■ Material to process ■
---+---

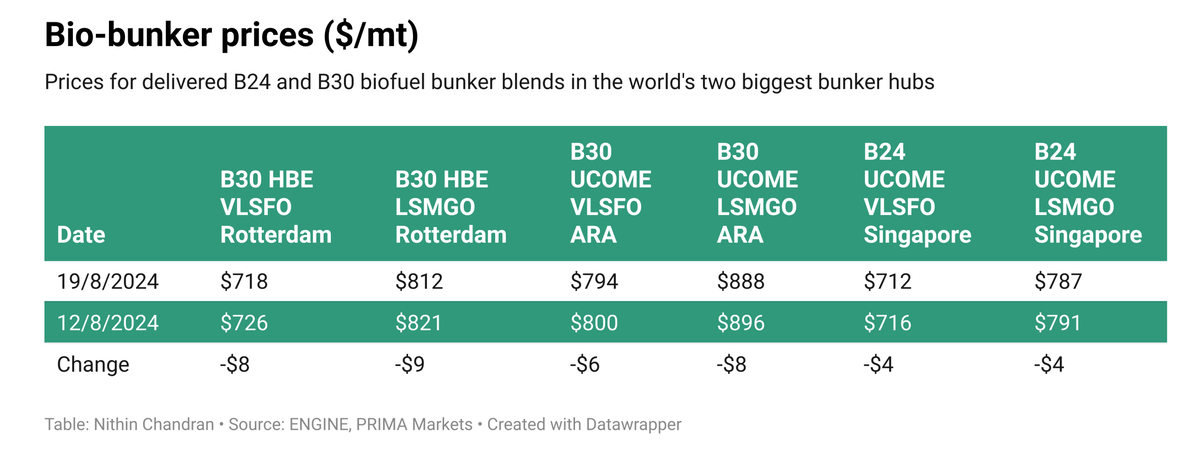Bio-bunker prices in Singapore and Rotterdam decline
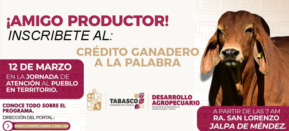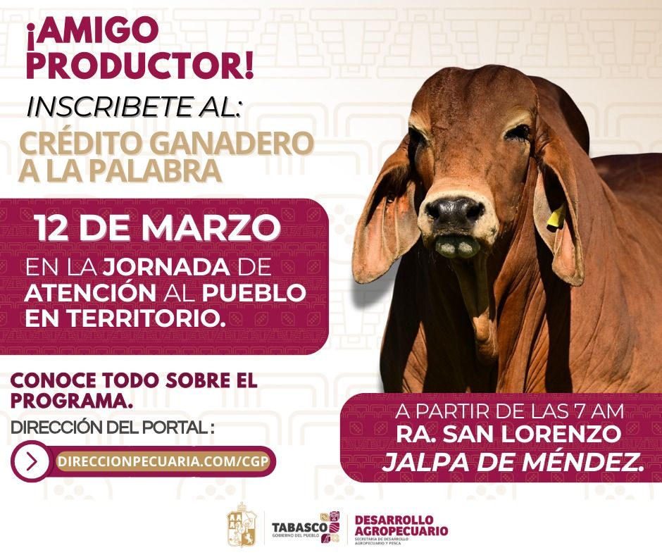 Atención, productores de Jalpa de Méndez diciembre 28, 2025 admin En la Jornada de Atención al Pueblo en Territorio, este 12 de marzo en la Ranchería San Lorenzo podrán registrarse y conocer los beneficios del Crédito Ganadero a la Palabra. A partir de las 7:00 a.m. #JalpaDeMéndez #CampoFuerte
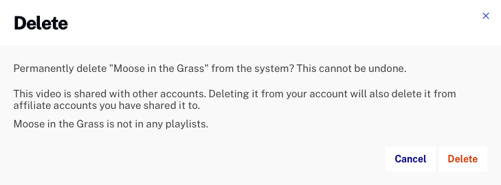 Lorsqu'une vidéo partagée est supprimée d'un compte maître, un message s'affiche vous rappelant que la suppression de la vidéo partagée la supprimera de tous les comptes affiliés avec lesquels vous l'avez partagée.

---+---

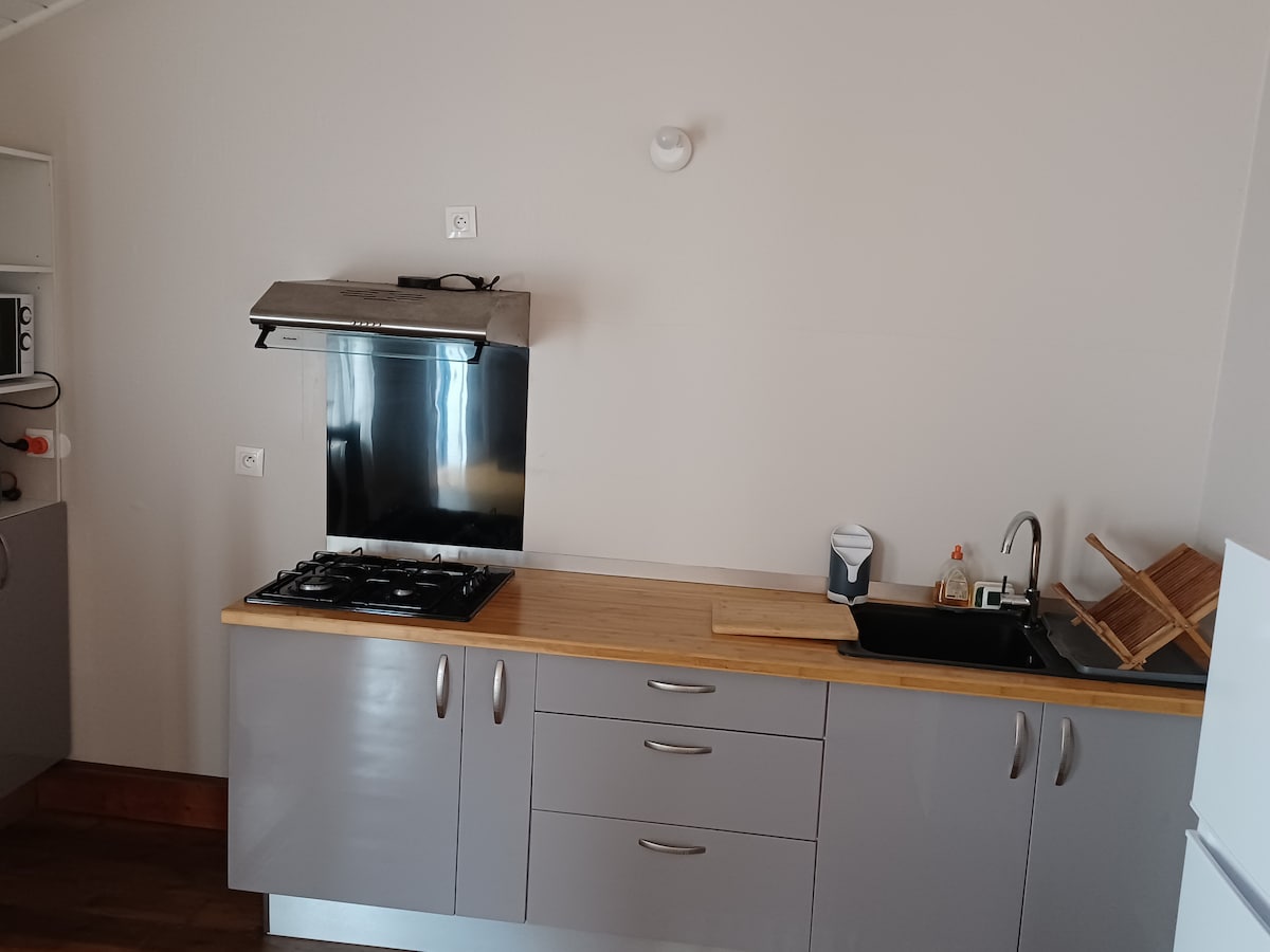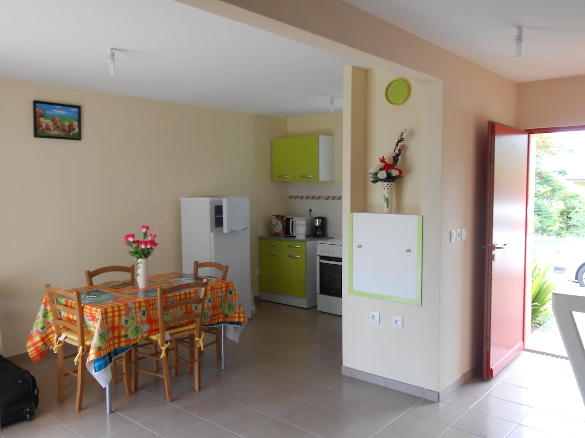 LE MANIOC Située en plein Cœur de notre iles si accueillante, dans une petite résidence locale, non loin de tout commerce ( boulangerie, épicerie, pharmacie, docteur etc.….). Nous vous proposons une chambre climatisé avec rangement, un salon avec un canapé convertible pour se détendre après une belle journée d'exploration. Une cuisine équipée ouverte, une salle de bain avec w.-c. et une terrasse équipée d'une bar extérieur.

---+---

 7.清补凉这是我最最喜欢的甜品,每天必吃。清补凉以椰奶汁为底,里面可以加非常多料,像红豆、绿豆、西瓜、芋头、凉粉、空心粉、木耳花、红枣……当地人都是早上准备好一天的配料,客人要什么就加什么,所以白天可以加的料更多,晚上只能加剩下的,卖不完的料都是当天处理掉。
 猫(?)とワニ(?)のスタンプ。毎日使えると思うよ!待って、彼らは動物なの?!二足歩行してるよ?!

---+---

■ Work instruction ■
Take the stretch of lines above from the one containing "7.清补凉这是我最最喜欢的甜" through the one containing "猫(?)とワニ(?)のスタン" and repeat it exactly, adding no other line.

■ Answer for the task ■
 7.清补凉这是我最最喜欢的甜品,每天必吃。清补凉以椰奶汁为底,里面可以加非常多料,像红豆、绿豆、西瓜、芋头、凉粉、空心粉、木耳花、红枣……当地人都是早上准备好一天的配料,客人要什么就加什么,所以白天可以加的料更多,晚上只能加剩下的,卖不完的料都是当天处理掉。
 猫(?)とワニ(?)のスタンプ。毎日使えると思うよ!待って、彼らは動物なの?!二足歩行してるよ?!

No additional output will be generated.